EXERCISE BRIEF: Reproduce the lines of the material exactly, excluding every image.

COLLECTED MATERIAL:
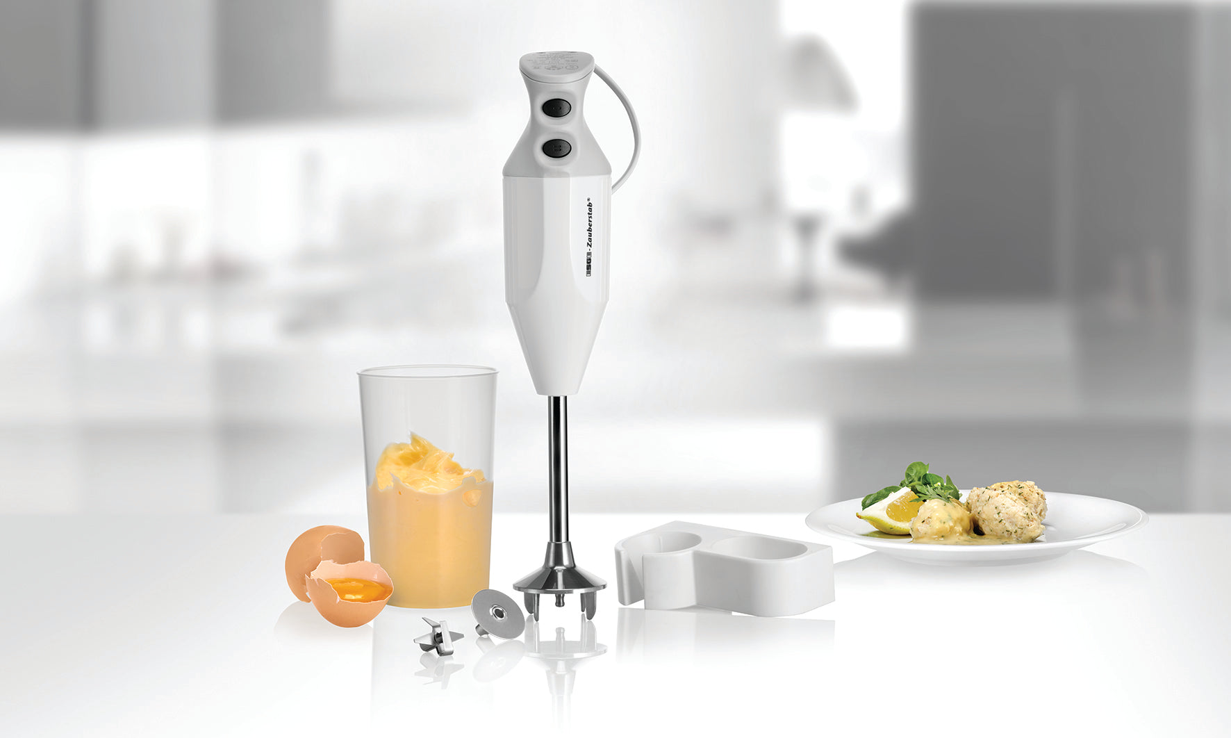 Von A wie aufschäumen bis Z wie zerkleinern ist der ESGE-Zauberstab® M 122 S der nimmermüde Küchenhelfer. In die Küche zieht er mitsamt der praktischen Wandhalterung ein und hat neben dem Multimesser fürs Hacken, Zerkleinern und Pürieren auch die Schlagscheibe im Gepäck, mit der Sahne oder Eischnee steif geschlagen oder auch Milch aufgeschäumt werden kann. Weiteres Gepäckstück des Kraftpakets mit zwei Tempo-Stufen (10.000 oder 14.000 Umdrehungen pro Minute) ist der praktische 600 ml-Messbecher.Durch die praktische Aufsteckzentrierung lassen sich Multimesser und Schlagscheibe ganz easy aufstecken und dann legt der leistungsfähige AC-Motor „Made in Switzerland“ im ergonomisch gestalteten Griffelement auch gleich los. Nach dem Einsatz den Stab und das Aufsteckteil einfach unter heißem Wasser reinigen, dann ist der ESGE-Zauberstab® M 122 S wieder einsatzbereit für die nächste kulinarische Herausforderung!Durch das circa 160 cm lange Kabel sorgt der ESGE-Zauberstab® M 122 S für Bewegungsfreiheit in der Küche und kommt in Begleitung von Bedienungsanleitung und inspirierenden Rezepten ins Haus, „garniert“ mit fünf Jahren Garantie!
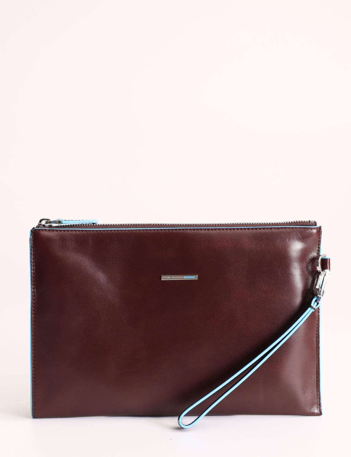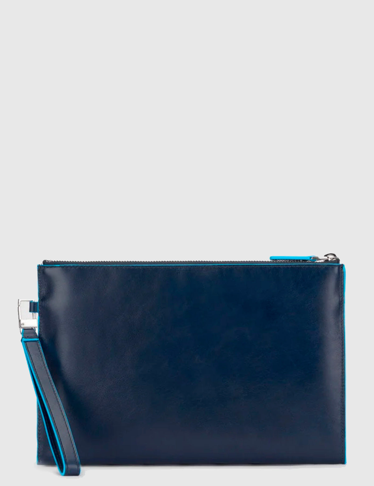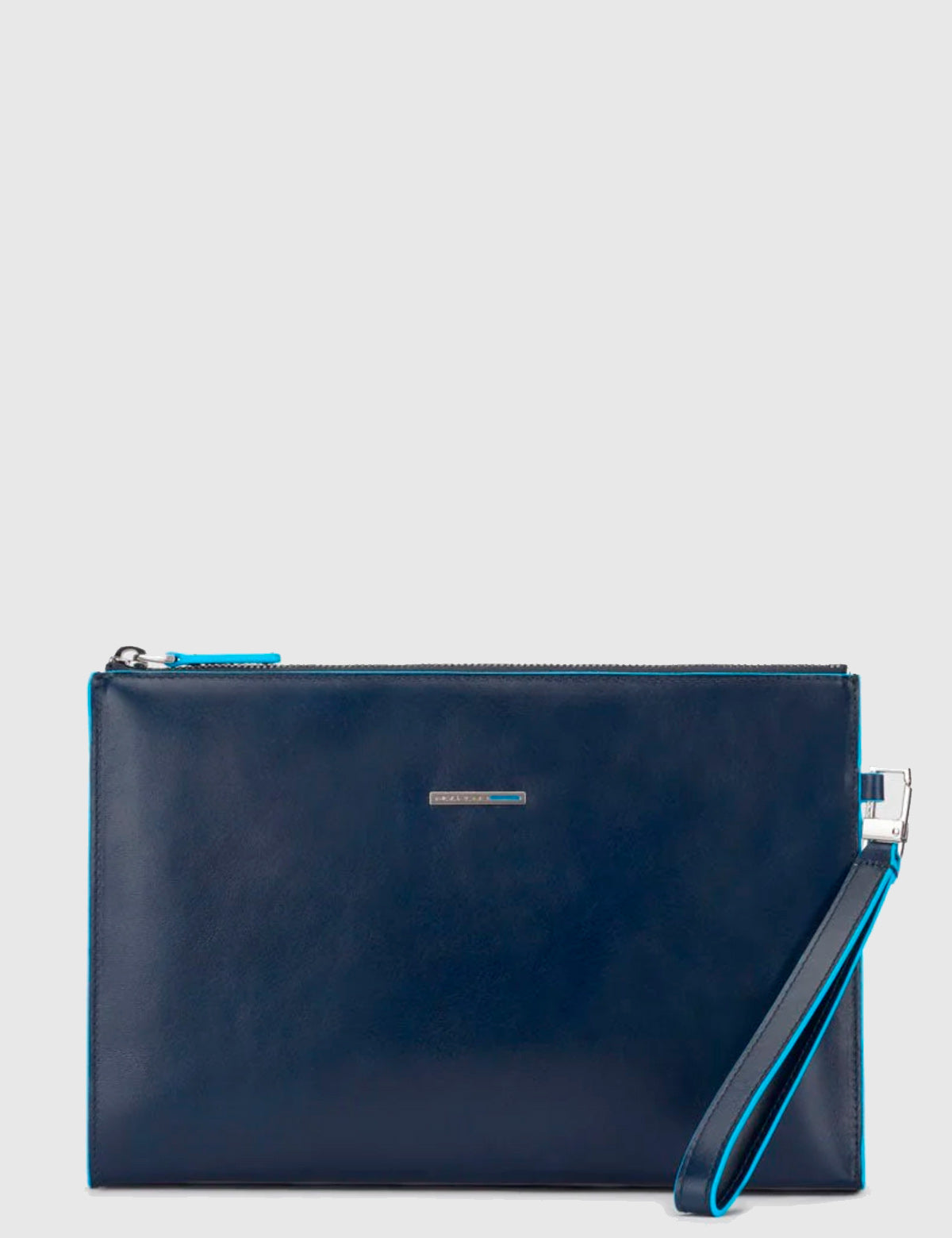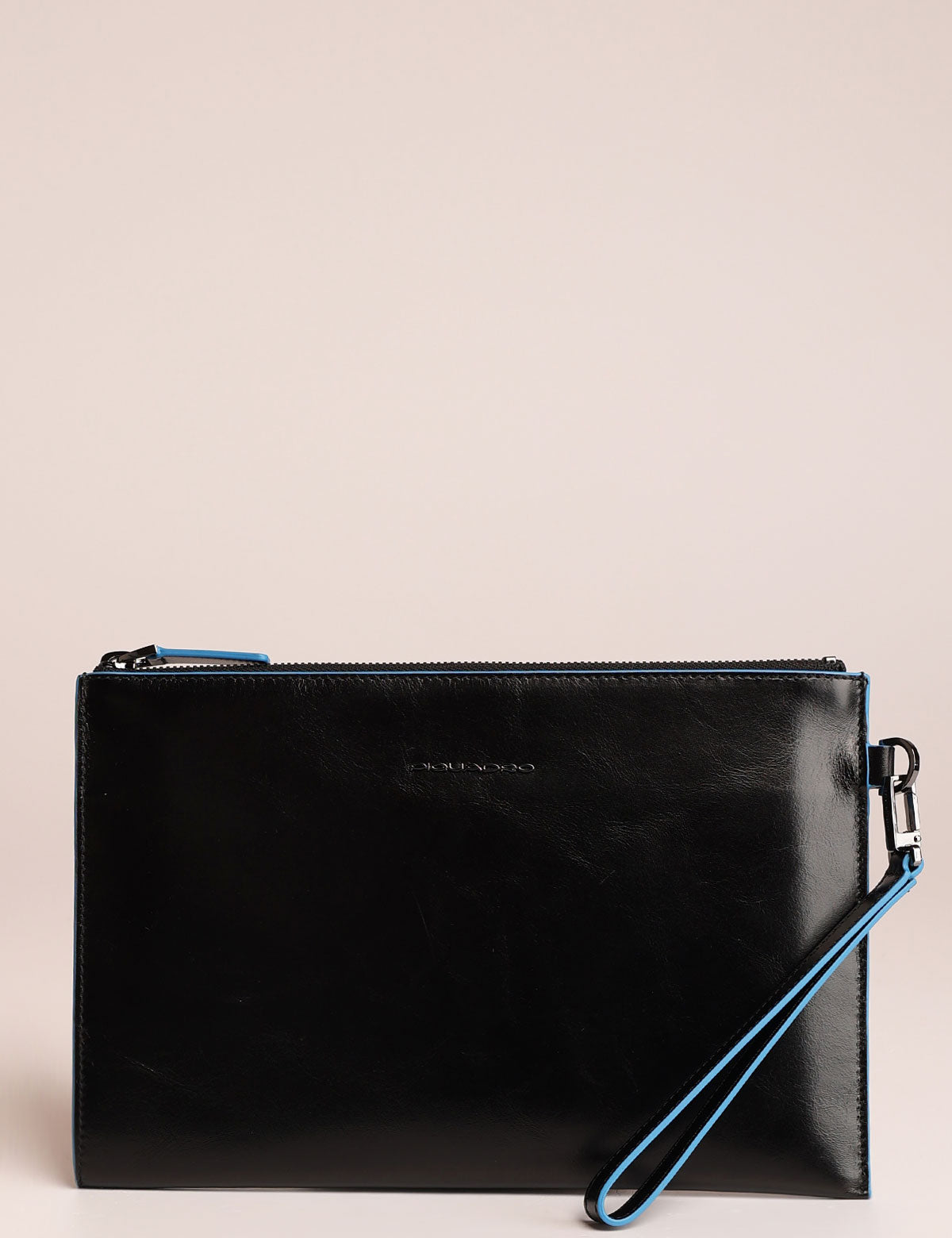 Pochette Piquadro modello sottile porta tablet con laccetto removibile, realizzata in pelle
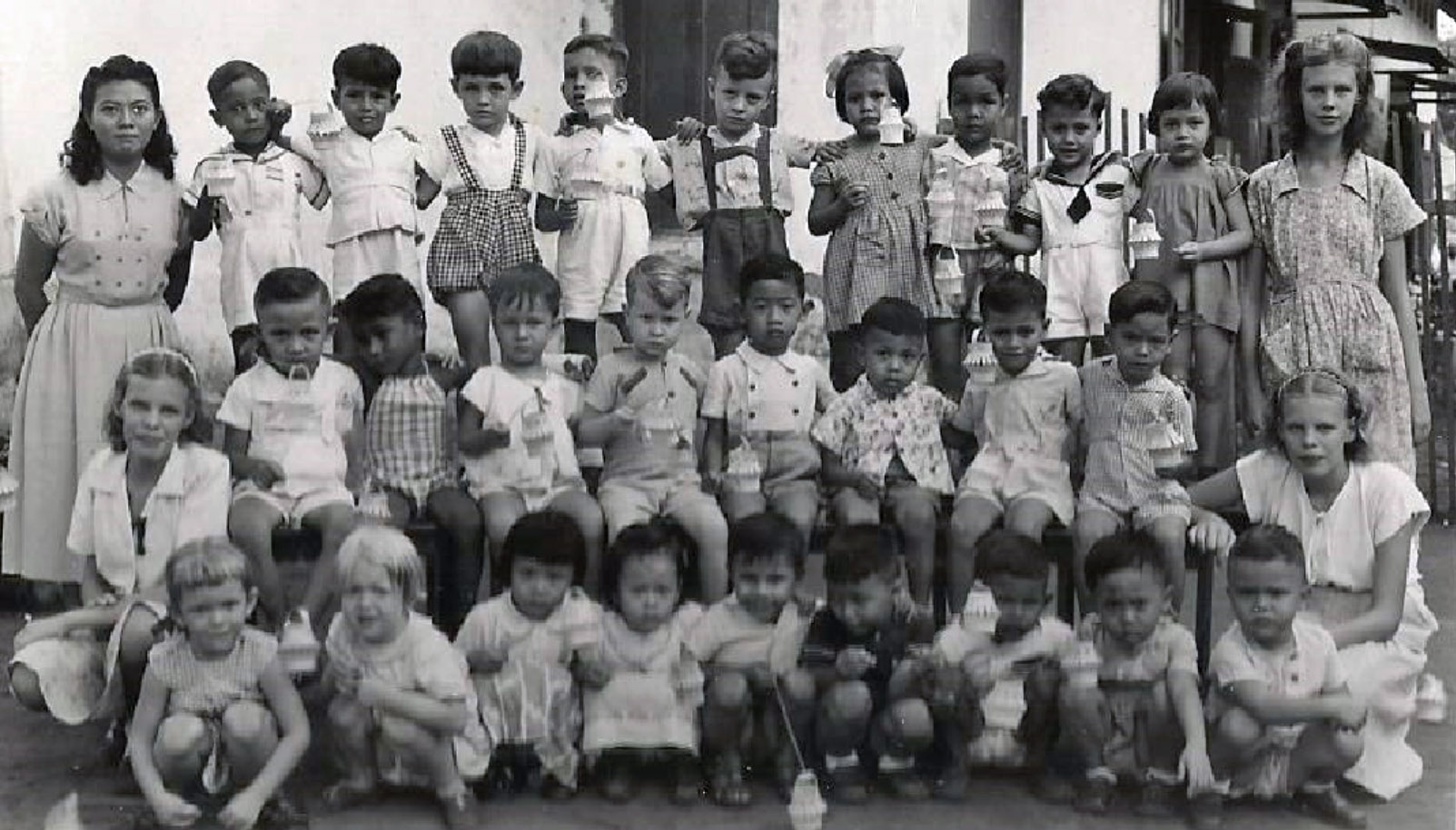 In ongeveer 1951 heb ik een aantal jaren in de jalan Raya Gubeng (Gubeng Boulevard) gewoond en zat op de kleuter/frobel school. Ik ben op beide foto’s vermeld. Weet iemand zich deze scholen te herinneren en wie zijn je juffrouwen? Het moet de Gubeng school en/ of de Lombok school zijn.
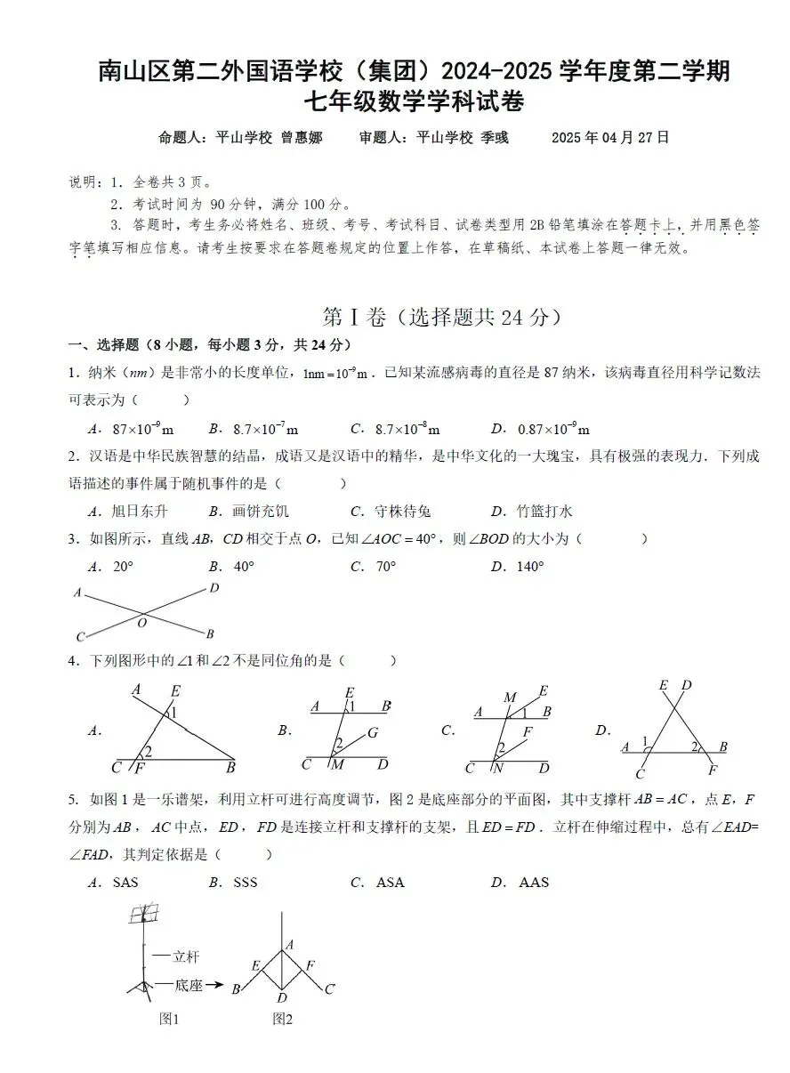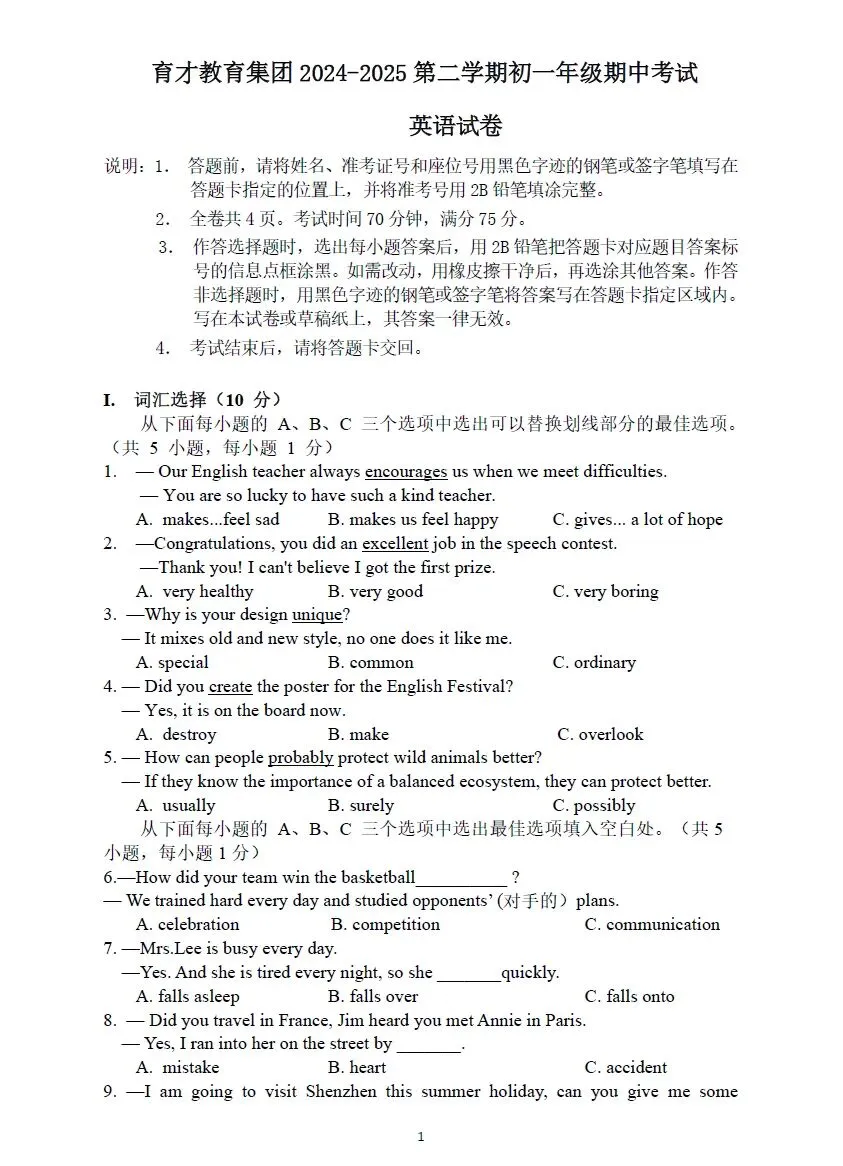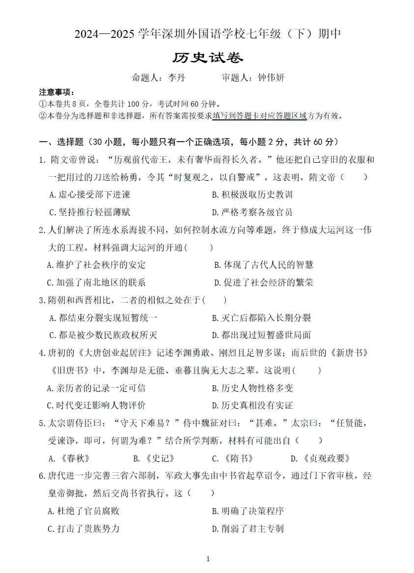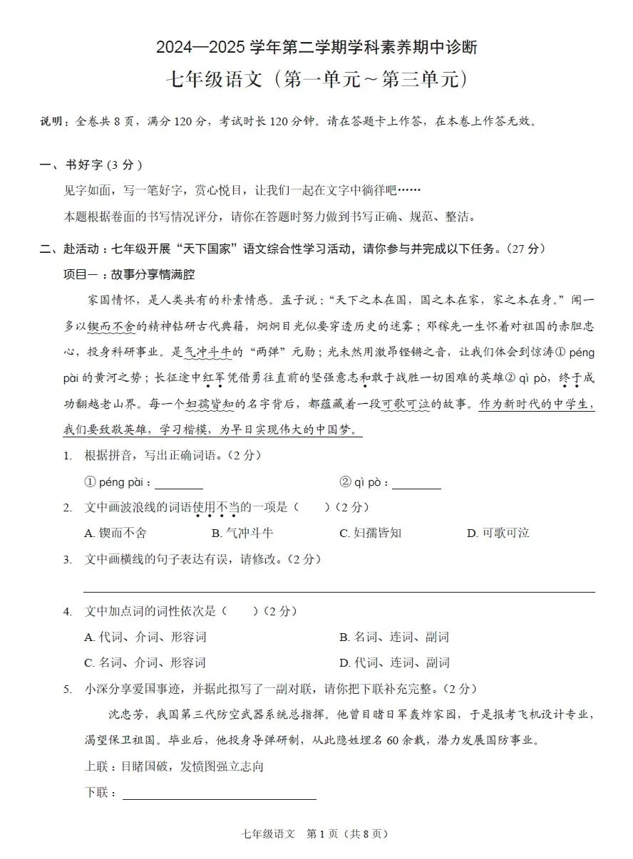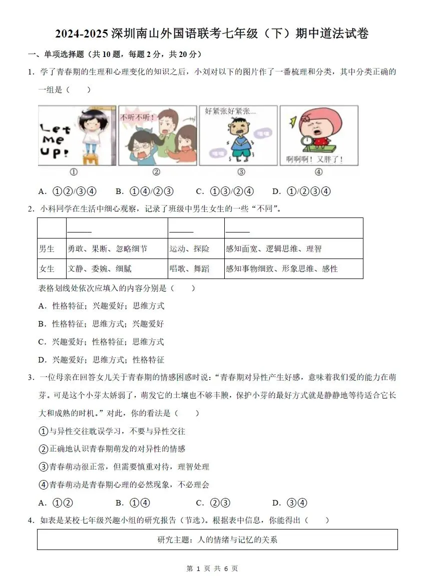 深圳7下期中考试七科真题精练(2026年3月更新)

FINISHED EXERCISE:
 Von A wie aufschäumen bis Z wie zerkleinern ist der ESGE-Zauberstab® M 122 S der nimmermüde Küchenhelfer. In die Küche zieht er mitsamt der praktischen Wandhalterung ein und hat neben dem Multimesser fürs Hacken, Zerkleinern und Pürieren auch die Schlagscheibe im Gepäck, mit der Sahne oder Eischnee steif geschlagen oder auch Milch aufgeschäumt werden kann. Weiteres Gepäckstück des Kraftpakets mit zwei Tempo-Stufen (10.000 oder 14.000 Umdrehungen pro Minute) ist der praktische 600 ml-Messbecher.Durch die praktische Aufsteckzentrierung lassen sich Multimesser und Schlagscheibe ganz easy aufstecken und dann legt der leistungsfähige AC-Motor „Made in Switzerland“ im ergonomisch gestalteten Griffelement auch gleich los. Nach dem Einsatz den Stab und das Aufsteckteil einfach unter heißem Wasser reinigen, dann ist der ESGE-Zauberstab® M 122 S wieder einsatzbereit für die nächste kulinarische Herausforderung!Durch das circa 160 cm lange Kabel sorgt der ESGE-Zauberstab® M 122 S für Bewegungsfreiheit in der Küche und kommt in Begleitung von Bedienungsanleitung und inspirierenden Rezepten ins Haus, „garniert“ mit fünf Jahren Garantie!
 Pochette Piquadro modello sottile porta tablet con laccetto removibile, realizzata in pelle
 In ongeveer 1951 heb ik een aantal jaren in de jalan Raya Gubeng (Gubeng Boulevard) gewoond en zat op de kleuter/frobel school. Ik ben op beide foto’s vermeld. Weet iemand zich deze scholen te herinneren en wie zijn je juffrouwen? Het moet de Gubeng school en/ of de Lombok school zijn.
 深圳7下期中考试七科真题精练(2026年3月更新)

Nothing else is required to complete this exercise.